LPA1-dependent IEC signaling is mediated via PLC-β1 and PLC-β2.²⁵ To examine a potential role of PLC-β in LPA1-dependent regulation of junctional proteins, the effect of the PLC inhibitor U73122 on claudin-7 expression was determined. LPA alone increased the expression of claudin-7 in control transfected Caco-2 cells, but not in LPA1 knocked down Caco-2 cells (Figure 3E). More important, pretreatment with U73122 abolished LPA-mediated increased claudin-7 expression. To determine specific roles of PLC-β1 and PLC-β2 in this regulation, Caco-2 cells were transfected to knock down PLC-β1 or PLC-β2. Knockdown of PLC-β2, but not of PLC-β1, ablated LPA-dependent regulation of claudin-7 (Figure 3F), demonstrating that LPA1 regulates claudin-7 expression via PLC-β2.

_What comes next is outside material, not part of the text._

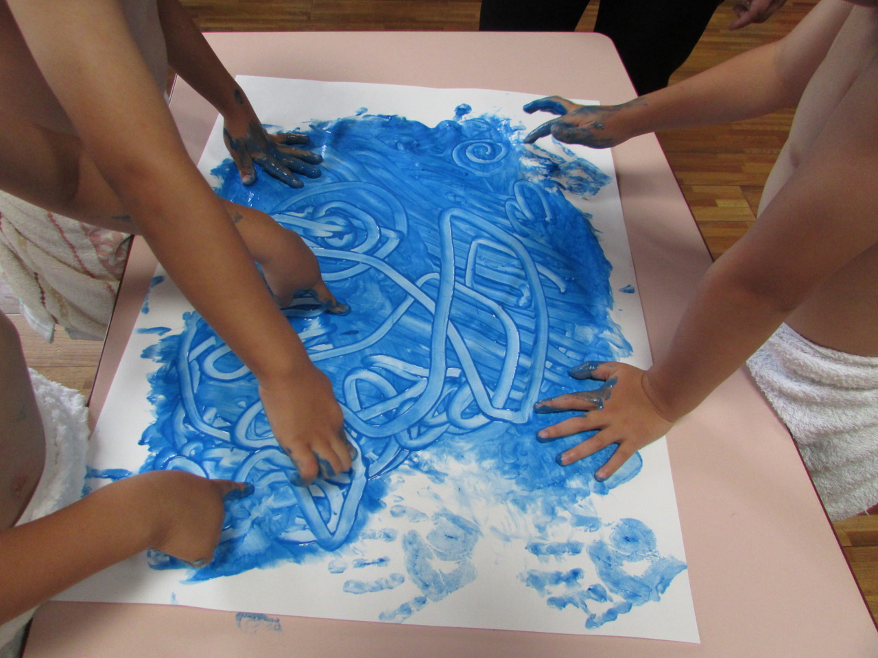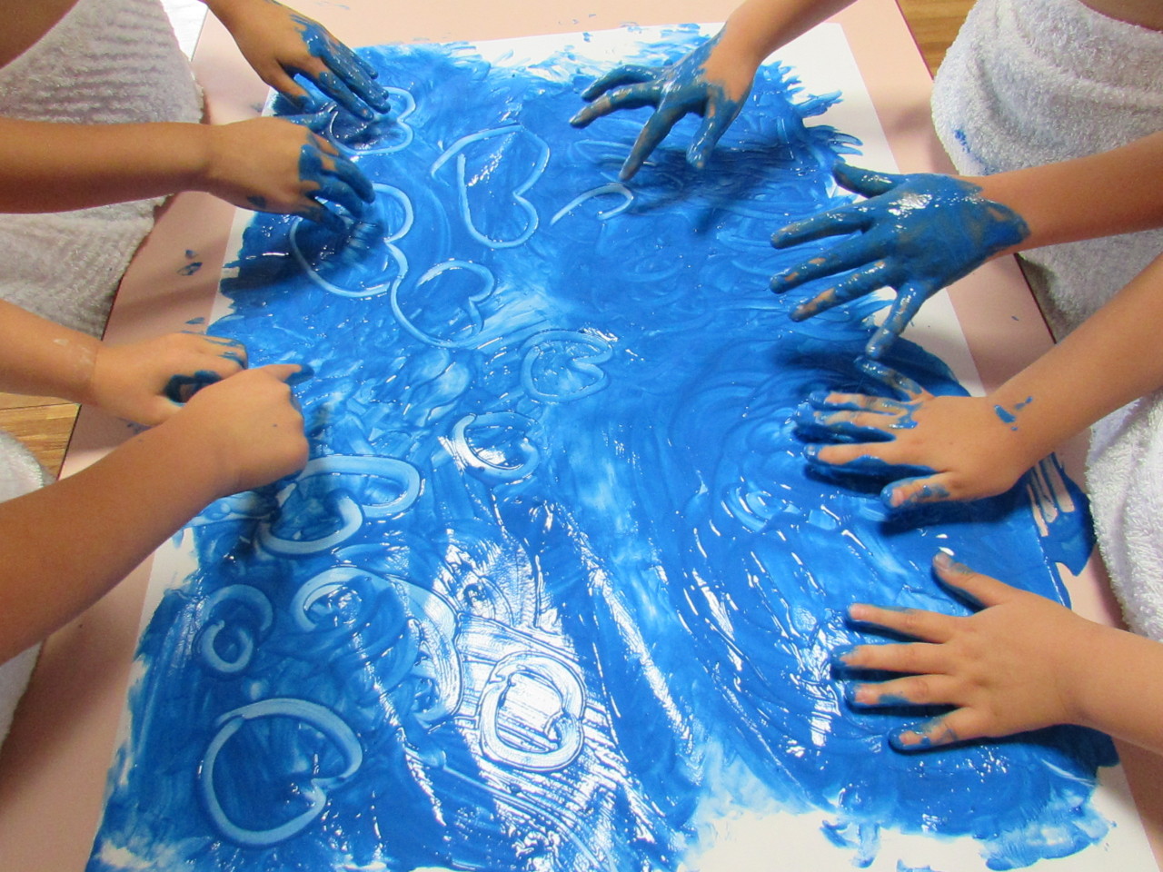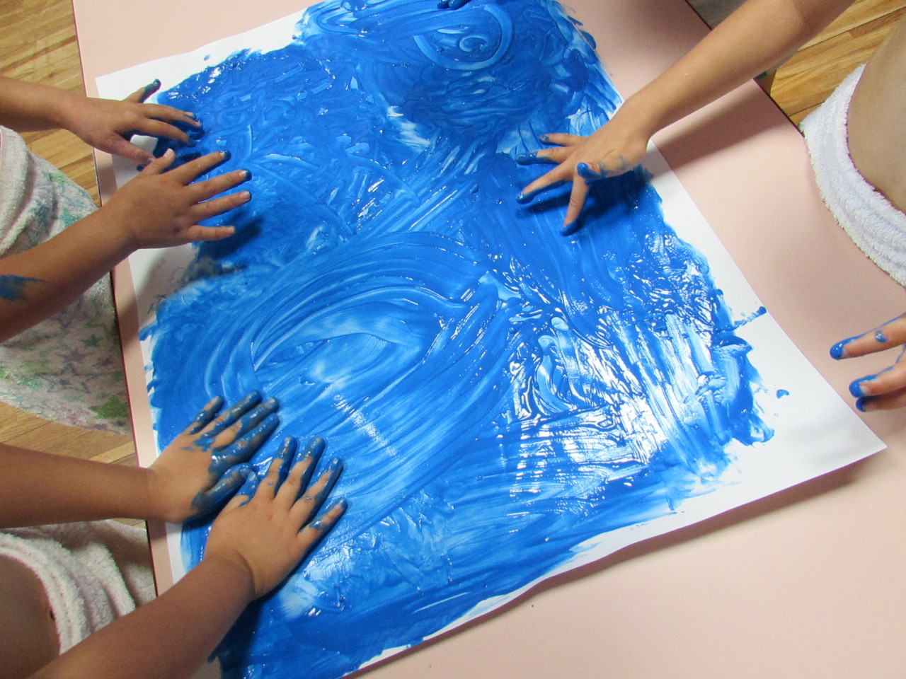 絵の具とのりを混ぜたもので、手のひらや指先などを使い絵を描き

Increased Cytokine Expression and Bacterial Infiltration in Lpa1^−/− Mice

Defective intestinal epithelia are often a cause of chronic inflammation.4, 5 Given the epithelial barrier dysfunction in Lpa1^−/− mice, the expression levels of proinflammatory cytokine were determined in mouse mucosa by RT-PCR. In keeping with increased epithelial permeability, TNF-α, interferon (INF)-γ, IL-1β, IL-6, monocyte chemoattractant protein 1, and IL-10 mRNA levels were elevated in Lpa1^−/− mouse colon (Figure 4A). The change in basal inflammation levels in Lpa1^−/− mice was corroborated by increased T-cell distribution, determined by immunofluorescence staining of CD3 (Figure 4B).

Figure 4.

Analysis of cytokine expression in Lpa1^−/− mouse intestine. A: Expression levels of tumor necrosis factor (TNF)-α, interferon (INF)-γ, IL-1β, IL-6, IL-10, and monocyte chemoattractant protein 1 (MCP-1) mRNA were determined and normalized to glyceraldehyde-3-phosphate dehydrogenase mRNA levels. Data are presented as fold changes relative to the levels in WT mice. B: Left and middle panels: Representative immunofluorescence images of CD3 staining (green) in WT and Lpa1^−/− colonic sections. Nuclei were counterstained with DAPI (blue). Right panel: Numbers of CD3⁺ cells were quantified by counting 20 fields of vision per mouse. Data are expressed as means ± SD (A and B). n = 5 (A and B). ^∗∗P < 0.01 versus WT. Scale bars = 30 μm (B).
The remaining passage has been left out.